YOUR GOAL |
With the pictures omitted, repeat exactly the lines below starting with the line that has "12일 오후(이하 한국시간)" and going on through the line that has "DOC) Problem Based".

DATASET EXTRACT |
[Start of section]

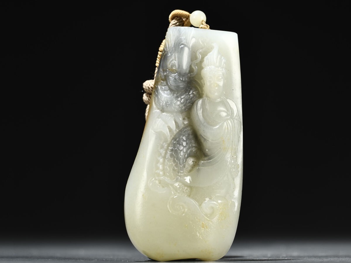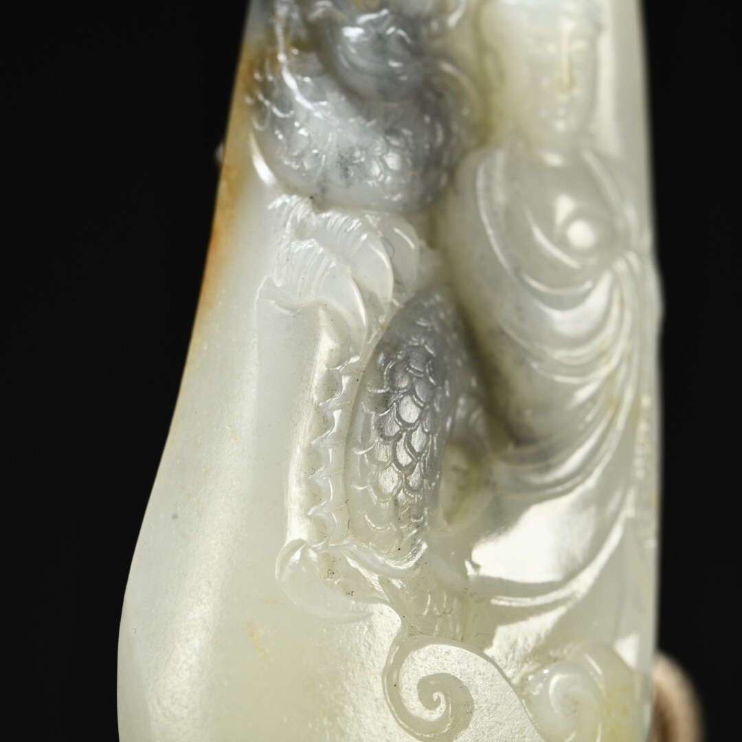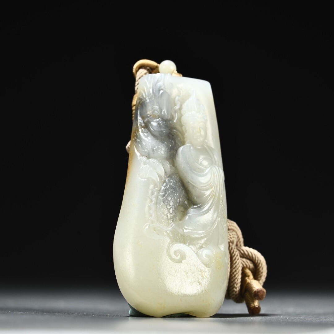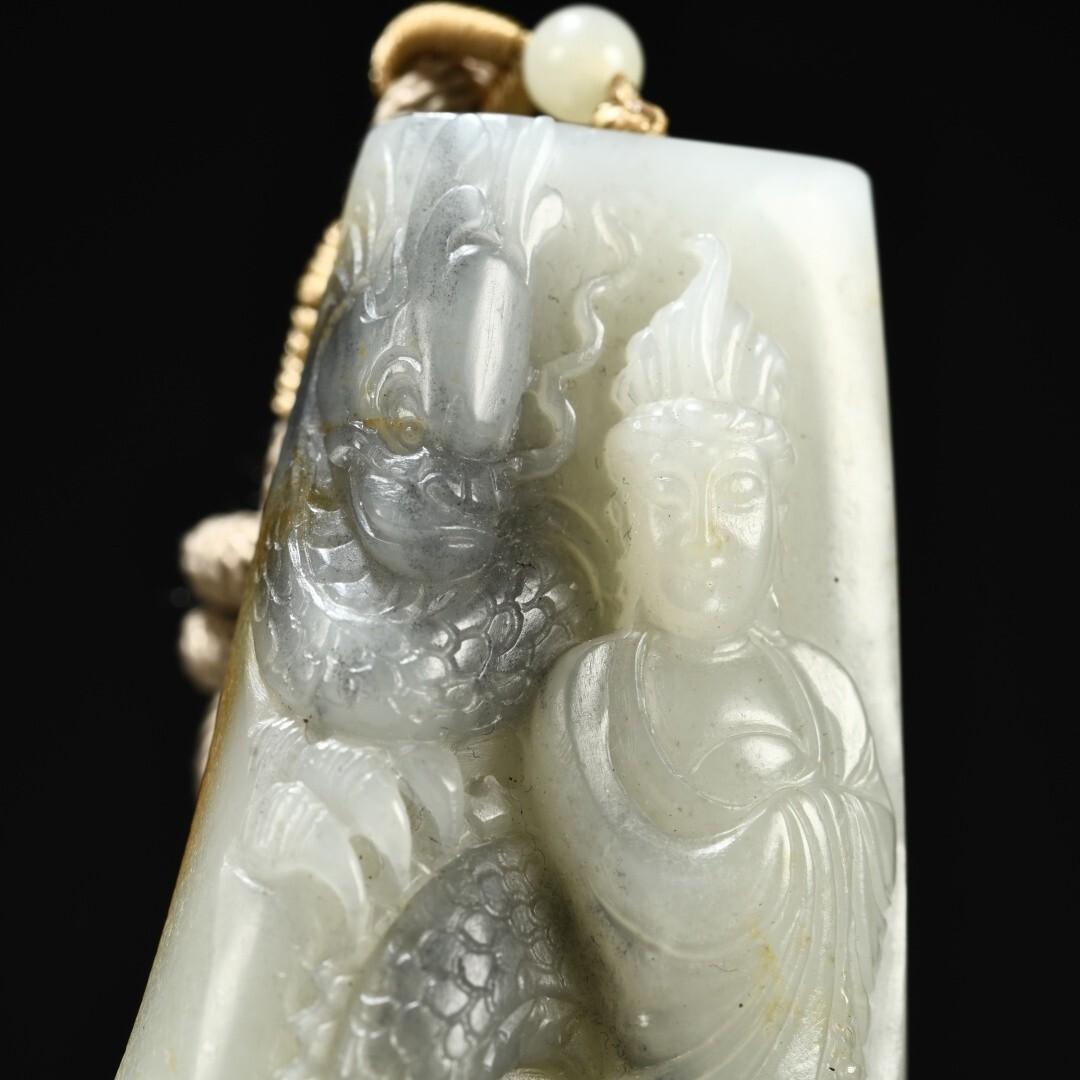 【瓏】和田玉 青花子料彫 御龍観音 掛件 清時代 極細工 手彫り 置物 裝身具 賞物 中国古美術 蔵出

[End of section]
[Start of section]

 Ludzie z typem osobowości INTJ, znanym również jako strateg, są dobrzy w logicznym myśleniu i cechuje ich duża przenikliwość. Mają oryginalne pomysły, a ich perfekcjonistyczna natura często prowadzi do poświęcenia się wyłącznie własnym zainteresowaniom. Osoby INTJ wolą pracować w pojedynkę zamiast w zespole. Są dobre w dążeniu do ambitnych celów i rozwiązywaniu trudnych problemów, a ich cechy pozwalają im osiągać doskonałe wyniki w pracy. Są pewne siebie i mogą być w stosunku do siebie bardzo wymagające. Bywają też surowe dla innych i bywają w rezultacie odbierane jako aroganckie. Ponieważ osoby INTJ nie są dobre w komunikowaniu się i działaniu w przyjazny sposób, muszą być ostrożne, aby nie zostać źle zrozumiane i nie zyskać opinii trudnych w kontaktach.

[End of section]
[Start of section]

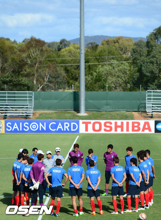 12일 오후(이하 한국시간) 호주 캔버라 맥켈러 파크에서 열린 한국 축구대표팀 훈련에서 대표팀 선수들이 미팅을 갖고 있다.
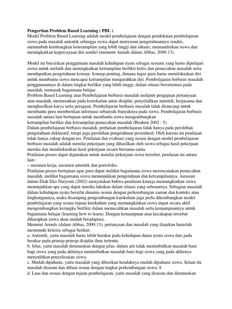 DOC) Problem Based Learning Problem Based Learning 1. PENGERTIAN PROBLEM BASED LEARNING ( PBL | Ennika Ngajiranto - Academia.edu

[End of section]

SOLUTION BELOW |
 12일 오후(이하 한국시간) 호주 캔버라 맥켈러 파크에서 열린 한국 축구대표팀 훈련에서 대표팀 선수들이 미팅을 갖고 있다.
 DOC) Problem Based Learning Problem Based Learning 1. PENGERTIAN PROBLEM BASED LEARNING ( PBL | Ennika Ngajiranto - Academia.edu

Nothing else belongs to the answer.